Biden ne peut pas ignorer pour toujours les guerres éternelles.

Lorsque le président Joe Biden a prononcé son premier discours de politique étrangère il y a deux semaines, il n’a pas mentionné une seule fois les mots «Irak» ou «Afghanistan». Mais les événements survenus dans ces deux pays au cours des dernières 24 heures ont rappelé brutalement à l’administration qu’elle ne peut pas ignorer à jamais les guerres éternelles de l’Amérique.

En Irak, fusées apparemment lancé par un Milice soutenue par l’Iran a tué lundi un entrepreneur civil non américain sur une base militaire d’Erbil. Neuf autres ont été blessés, dont quatre entrepreneurs américains et un membre du service, selon le colonel Wayne Marotto, le porte-parole de la coalition dirigée par les États-Unis contre l’EI.

Et en Afghanistan, les talibans se sont rapprochés des grandes villes à peine quelques mois avant le départ prévu des forces américaines le 1er mai. Le groupe insurrectionnel a publié mardi une lettre ouverte aux Américains, demandant essentiellement à l’administration Biden de faire confiance aux talibans pour diriger la nation et respecter les droits de l’homme après le départ des troupes – une revendication au mieux douteuse.

Même si Biden préférerait passer la plupart de son temps à s’attaquer au coronavirus, à la Chine et au changement climatique, il est clair que, comme tout président depuis George W. Bush, son attention sera continuellement détournée vers l’Afghanistan et l’Irak.
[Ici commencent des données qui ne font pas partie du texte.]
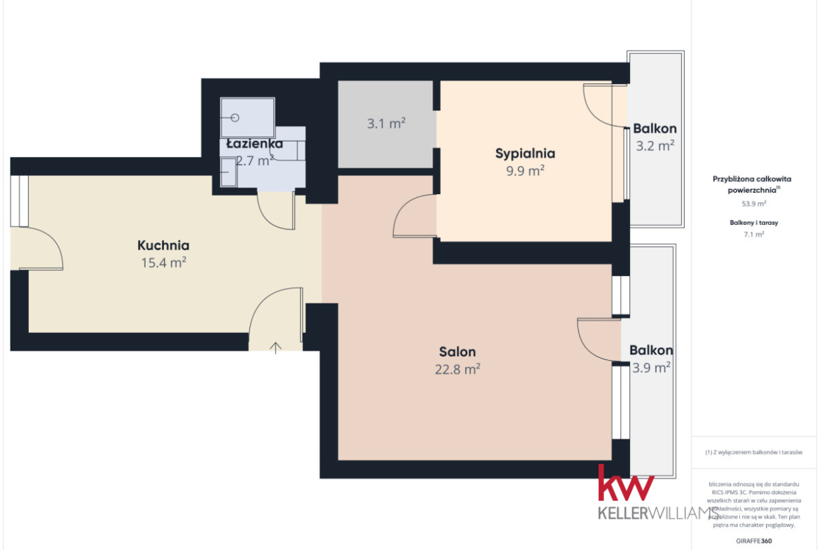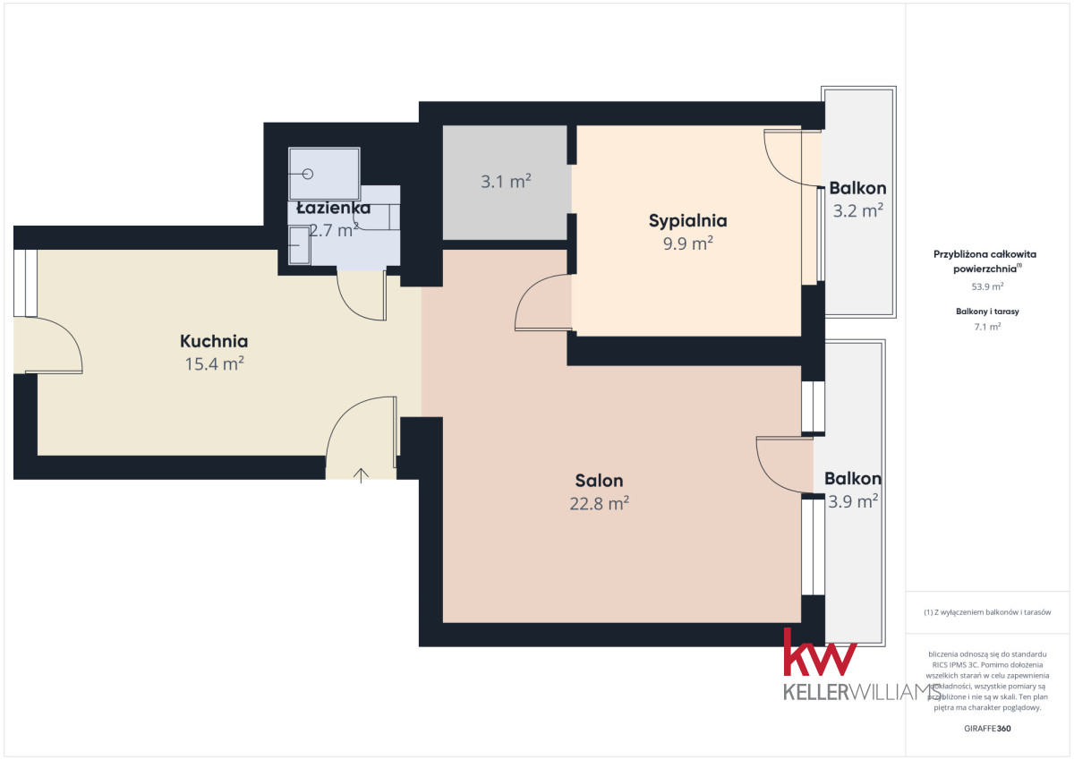 - Garderoba / biuro (3,1 m²) – wygodna przestrzeń do pracy lub przechowywania,
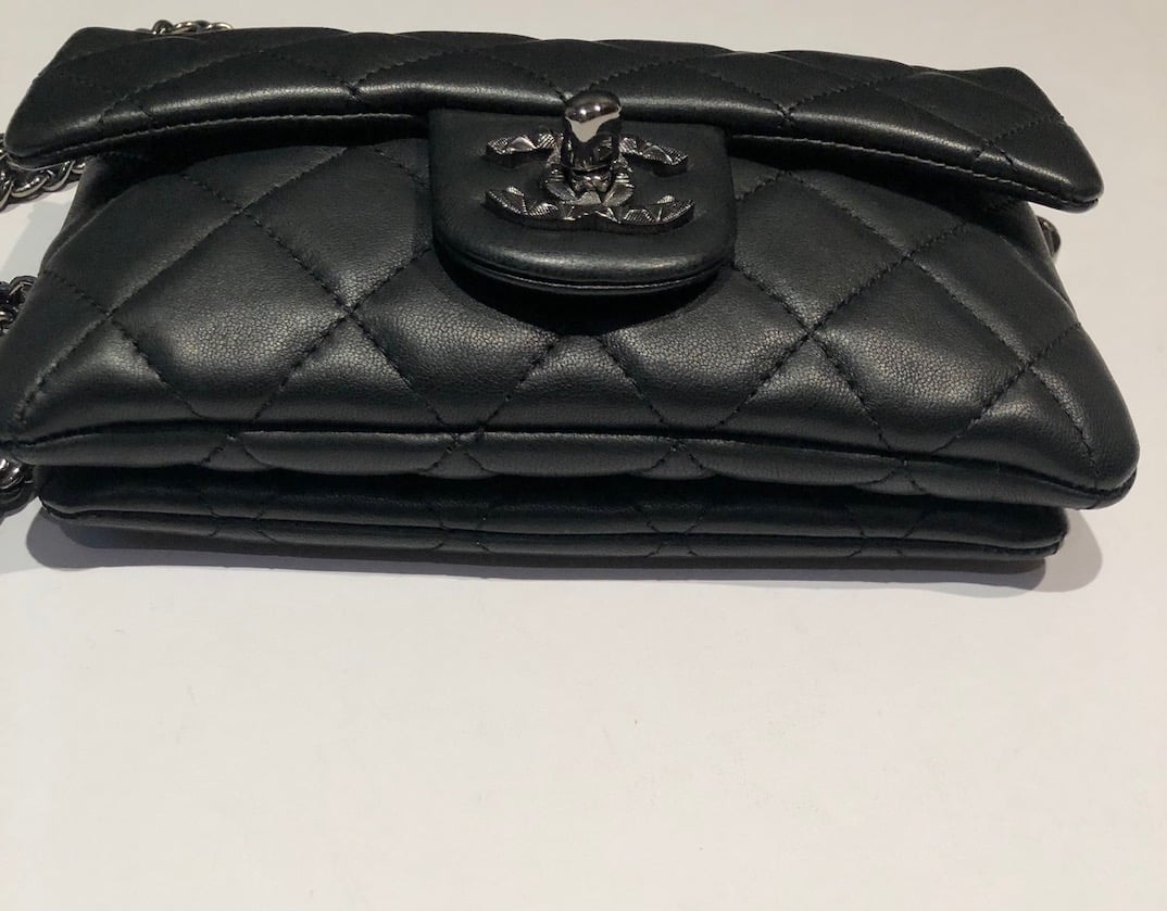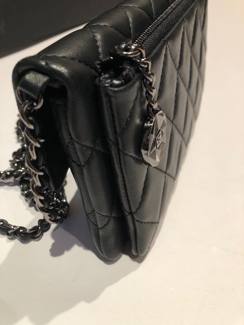 A very fashionable CHANEL 19 crossbody single flap bag with a back wallet. Handcrafted in classic lambskin quilted leather with glossy finished ruthenium hardware, crossbody interlaced leather and ruthenium chain, cc twist lock with carved finished in ruthenium. One back exterior (wallet style) zipped pocket with a pull out tag chain with a circular Chanel CC logo in ruthenium finished.
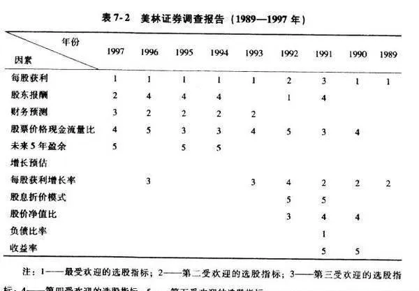 美林证券的这个项目调查非常符合亚瑟所说的指标生态学的内容,在过去几年里,我们不断地看到有些选股指标风光不再,而有些指标则越来越受到人们的青睐。
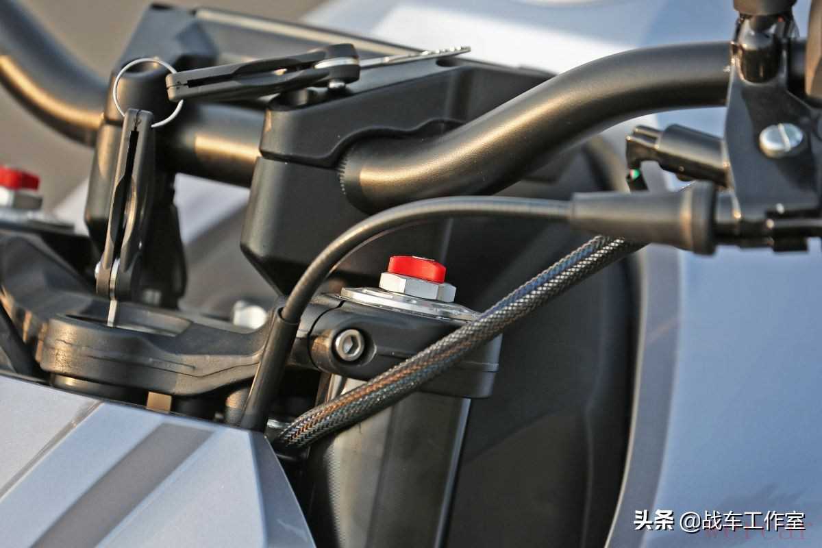 将仪表置于车把后方,已经成为奔达的特色,从BOX400上就已经如此设计。巨大的转速表和右上角的档显,易于观察数据。左侧的水温、燃油存量指示,也方便读取。
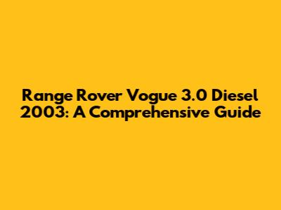 Range Rover Vogue 3.0 Diesel 2003: A Comprehensive Guide

Ce n’est pas que lui et son équipe ont négligé ces pays. Les chefs de la défense des pays de l’OTAN se réunissent au cours des deux prochains jours en grande partie pour discuter des plans pour l’Afghanistan et l’Irak. L’administration est également en train de revoir ses politiques dans les deux pays, en pesant ce qu’il faut garder des quatre dernières années et ce qu’il faut changer.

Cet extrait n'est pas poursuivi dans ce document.